Эпиграф, — я еще раз повторю, — тоже работает на это самодовольство героя: они противоположны по достижениям. Героиня–писательница Доминика бесконечно выше Роже Вайана.
Очень показательно и название романа — «Смутная улыбка» — воплощенное противоречие, неустойчивость, межеумочность.
Таков же и конец. Звонок–то Люка Доминике был договор о новой встрече. И Доминика отвечала: «Да, да».
И то, что роман кончается на ее переживании своего одиночества (следовательно, на нравственном моменте), ничего, строго говоря, не значит. Это все — уверенное завершение Франсуазой Саган Доминики как воплощения неустойчивости, экзистенцализма.Итого: гора родила мышь.
Я не берусь судить, явилась ли Франсуаза Саган прототипом Доминики и была ли Саган в 1956 году экзистенциалисткой.
И все–таки
Зато Франсуаза Саган помогла лучше понять пушкинского «Евгения Онегина», его Татьяну, пассивную демонистку.
Кем бы ни была Саган как автор–человек, как автор–творец она явно близка экзистенциализму и своей героине. А Пушкин от Татьяны далек. И не потому, что он мужчина, а Татьяна женщина. А потому, что Татьяна — почти трагическая фигура. Она в сущности отказалась от жизни. И — еще до того, как отказалась от домогавшегося ее Онегина.
Потому ее отказ от Онегина есть не высокоморальности проявление, а давнего пассивного демонизма. То, что Татьяна хочет, есть бегство от общества — в деревню, на кладбище, к могиле няни. Одиночество ее положительный идеал.

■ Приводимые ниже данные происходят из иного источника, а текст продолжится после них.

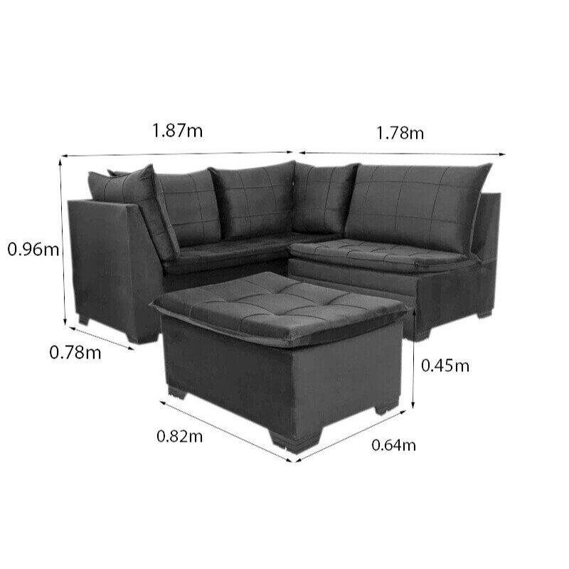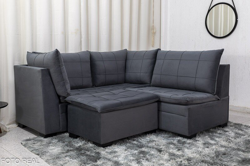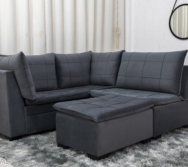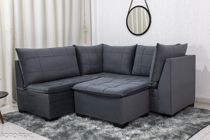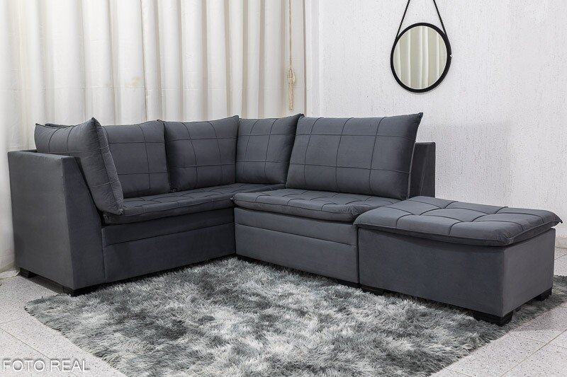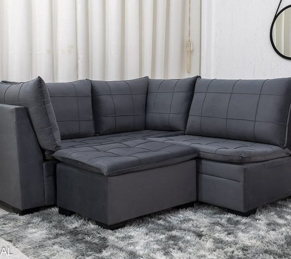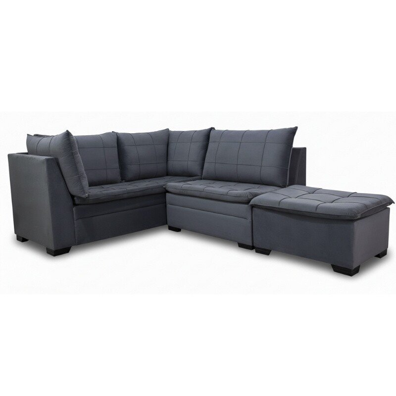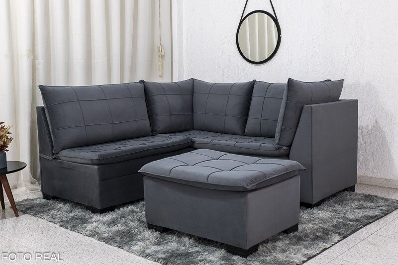 3{%%}Descrição{%%}Sofá Canto 5 lugares com Puff Viena Veludo Grafite A15
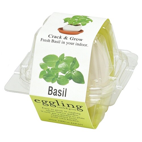 まるで本物のたまごのようなegglingシリーズ。たまごは陶器でできていて中にはタネと土がセットされています。上部をスプーンなどでコンコンと割って水をあげるとかわいい芽が出てきます。
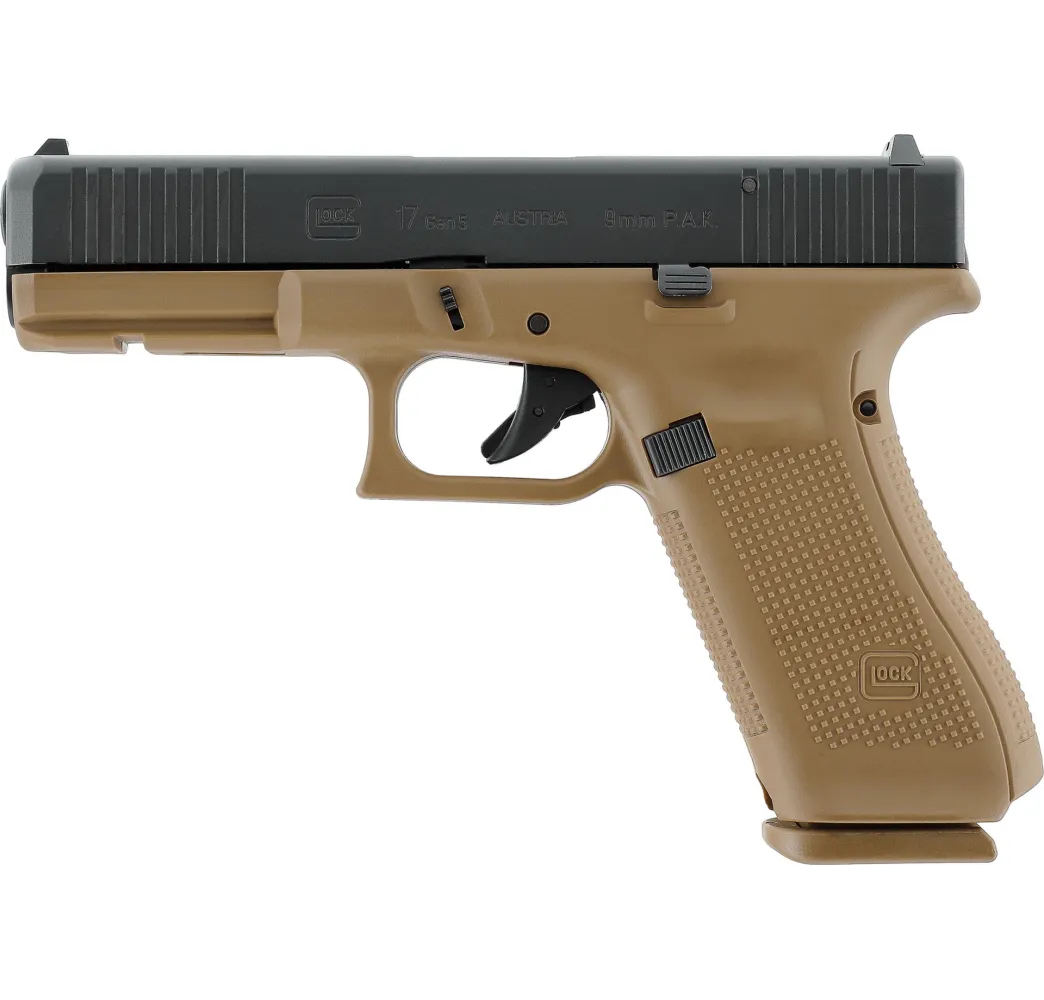 Sichern Sie sich Ihr Modell GLOCK 17 Gen5 Coyote als perfekt abgestimmte Schreckschusspistole mit Top-Magazin und Zubehör-Kompatibilität!

Он некоторым образом внеобщественен и повторяется в веках: в сентиментализме, в романтизме, в экзистенциализме.
Татьяна, конечно, полюс постоянства по сравнению с Доминикой, полюсом неустойчивости. Но по большому счету обе они — разочарованные в жизни: одна — романтик, другая — экзистенциалист. А Пушкин — реалист. И пусть не смущают его прямые слова: «Татьяны милый идеал»

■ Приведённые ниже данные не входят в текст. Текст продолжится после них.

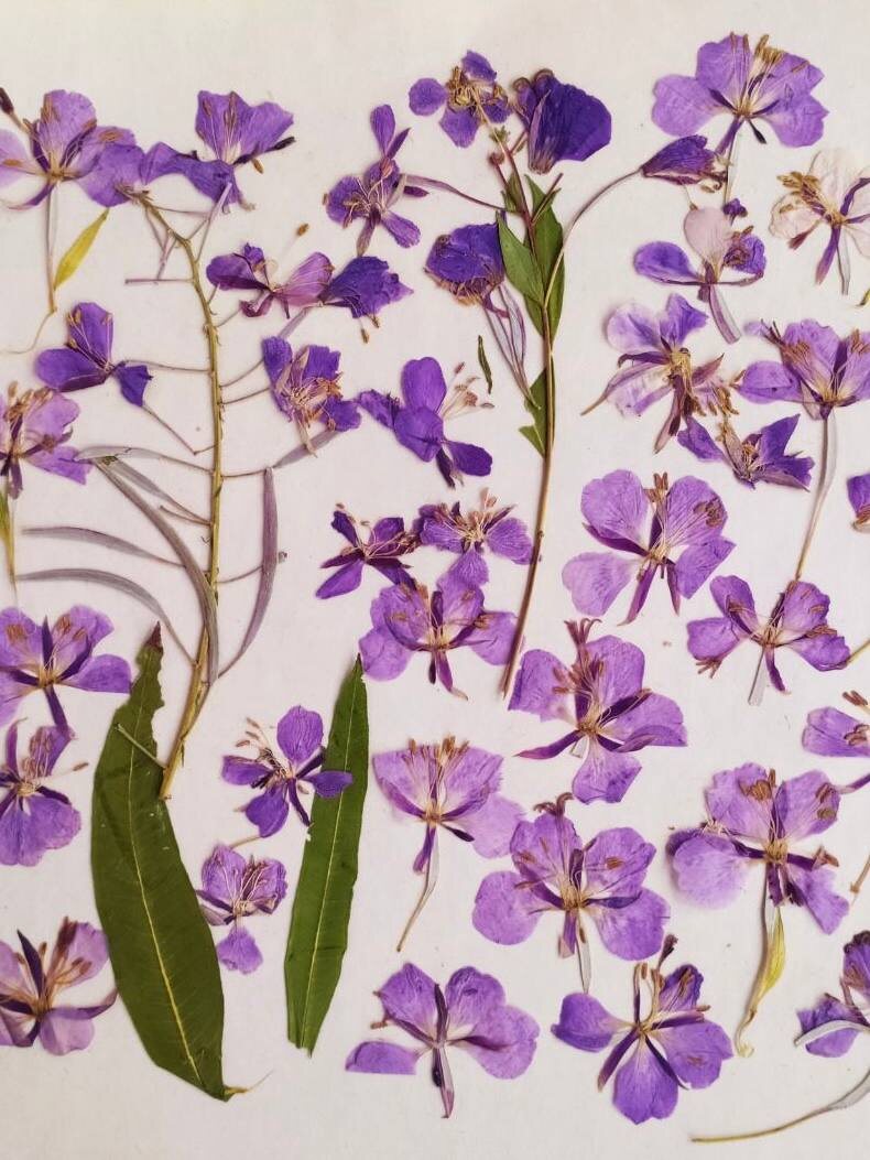 Кстати, укладывать большое соцветие и отдельные цветы на один лист не стоит. Необходимо следить за равномерностью слоя, чтобы каждый элемент хорошо просох. Во время засушки цвет иван-чая меняется: из первоначального сиренево-фиолетового они приобретают акварельный оттенок. Несмотря на этот процесс, они продолжают выглядеть великолепно.

. Идеал автора литературного произведения нельзя процитировать.Идеал Пушкина в романе «Евгений Онегин» таков: не устроена жизнь, да; но ничего. Пушкин в этом произведении не трагичен. И с этим согласится каждый.
Мне случилось слышать одно анекдотическое подтверждение такому всеобщему — оптимистическому — переживанию романа.
Толкователь был верующий иудей. Он сказал мне, что Пушкин получил посвящение свыше, когда жил в Одессе. — Как?! — воскликнул я. Оказывается, почти в то же время Одессу посетил какой–то значительный иудаистский деятель, когда совершал свое паломничество к святым местам в Палестину. И такое сближение по месту и времени великого учителя иудаизма и будущего великого поэта не могло, мол, быть случайным. Это Божественное проявление. И великий еврей каким–то образом помазал на величие данного русского, Пушкина. И есть отражение этого в финале «Евгения Онегина», самого великого произведения поэта.